On 19.04.22 09:59, kernel test robot wrote:
>
>
> Greeting,
>
> FYI, we noticed the following commit (built with clang-15):
>
> commit: d1ec551f874e1663bfe76b994c0010a4566cf936 ("x86/pgtable: support __HAVE_ARCH_PTE_SWP_EXCLUSIVE")
> https://github.com/hnaz/linux-mm master
>
> in testcase: trinity
> version: trinity-static-i386-x86_64-1c734c75-1_2020-01-06
> with following parameters:
>
> runtime: 300s
> group: group-01
>
> test-description: Trinity is a linux system call fuzz tester.

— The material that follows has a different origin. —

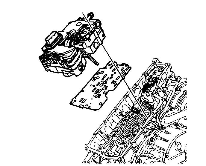 Control Valve Body Assembly InstallationNotice: The case cover assembly must be installed before installing the control valve body assembly. Failure to follow this instruction may result in damage to the variable ratio control lever.

> test-url: http://codemonkey.org.uk/projects/trinity/
>
>
> on test machine: qemu-system-i386 -enable-kvm -cpu SandyBridge -smp 2 -m 4G
>
> caused below changes (please refer to attached dmesg/kmsg for entire log/backtrace):
>
>
>
> If you fix the issue, kindly add following tag
> Reported-by: kernel test robot <oliver.sang@xxxxxxxxx>
>
>
> [ 40.201103][ T5099] BUG: Bad page map in process trinity-c7 pte:1713003a pmd:7ff71067
> [ 40.201999][ T5099] addr:096e7000 vm_flags:00100073 anon_vma:bff0aa00 mapping:00000000 index:96e7
> [ 40.202718][ T5099] file:(null) fault:0x0 mmap:0x0 readpage:0x0
> [ 40.203229][ T5099] CPU: 0 PID: 5099 Comm: trinity-c7 Not tainted 5.18.0-rc2-mm1-00053-gd1ec551f874e #1
> [ 40.203952][ T5099] Call Trace:
> [ 40.204195][ T5099] ? dump_stack_lvl (??:?)

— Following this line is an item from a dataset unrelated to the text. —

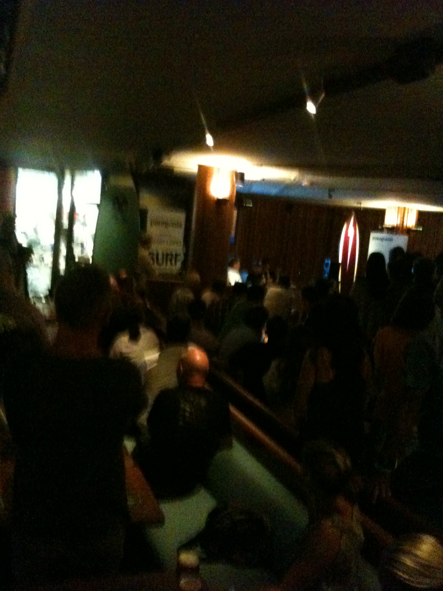 Gerry is now an ambassador for outdoor clothing company, Patagonia, who’ve just opened a branch in Manly and last Wednesday night he appeared at Murray’s at Manly to talk about a new book and generally reflect on his life. It was a ticket only event, and it was only on a last minute whim that I decided to rock in with a mate, knowing that half the bar was still open to the public. I certainly wasn’t the only one with the idea, and there were plenty more than the 100 that had tickets ready to hear Gerry. Gerry didn’t disappoint and delighted the crowd with a wonderfully mellow rambling about what it is like to surf, how it contrasts to snowboarding (his passion now) and his modest recollection of his abilities. Any chance of bagging a decent photo of Gerry Lopez was dashed by a thronging crowd, but it was a privilege to hear him talk.

> [ 40.204581][ T5099] ? dump_stack (??:?)
> [ 40.204970][ T5099] ? print_bad_pte (memory.c:?)
> [ 40.205384][ T5099] ? unmap_page_range (??:?)
> [ 40.205843][ T5099] ? unmap_single_vma (memory.c:?)

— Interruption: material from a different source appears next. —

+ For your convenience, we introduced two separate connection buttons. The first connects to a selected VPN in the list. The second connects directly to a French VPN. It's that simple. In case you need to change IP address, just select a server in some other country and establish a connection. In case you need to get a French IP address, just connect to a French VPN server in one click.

> [ 40.206271][ T5099] ? unmap_vmas (??:?)
> [ 40.206647][ T5099] ? exit_mmap (??:?)
> [ 40.207032][ T5099] ? __mmput (fork.c:?)
> [ 40.207405][ T5099] ? mmput (??:?)
> [ 40.207751][ T5099] ? exit_mm (exit.c:?)
> [ 40.208121][ T5099] ? do_exit (??:?)
> [ 40.208497][ T5099] ? do_group_exit (??:?)
> [ 40.208905][ T5099] ? trace_hardirqs_on (??:?)
> [ 40.209345][ T5099] ? get_signal (??:?)
> [ 40.209750][ T5099] ? arch_do_signal_or_restart (??:?)
> [ 40.210287][ T5099] ? exit_to_user_mode_loop (common.c:?)
> [ 40.210778][ T5099] ? exit_to_user_mode_prepare (common.c:?)
> [ 40.211302][ T5099] ? syscall_exit_to_user_mode (??:?)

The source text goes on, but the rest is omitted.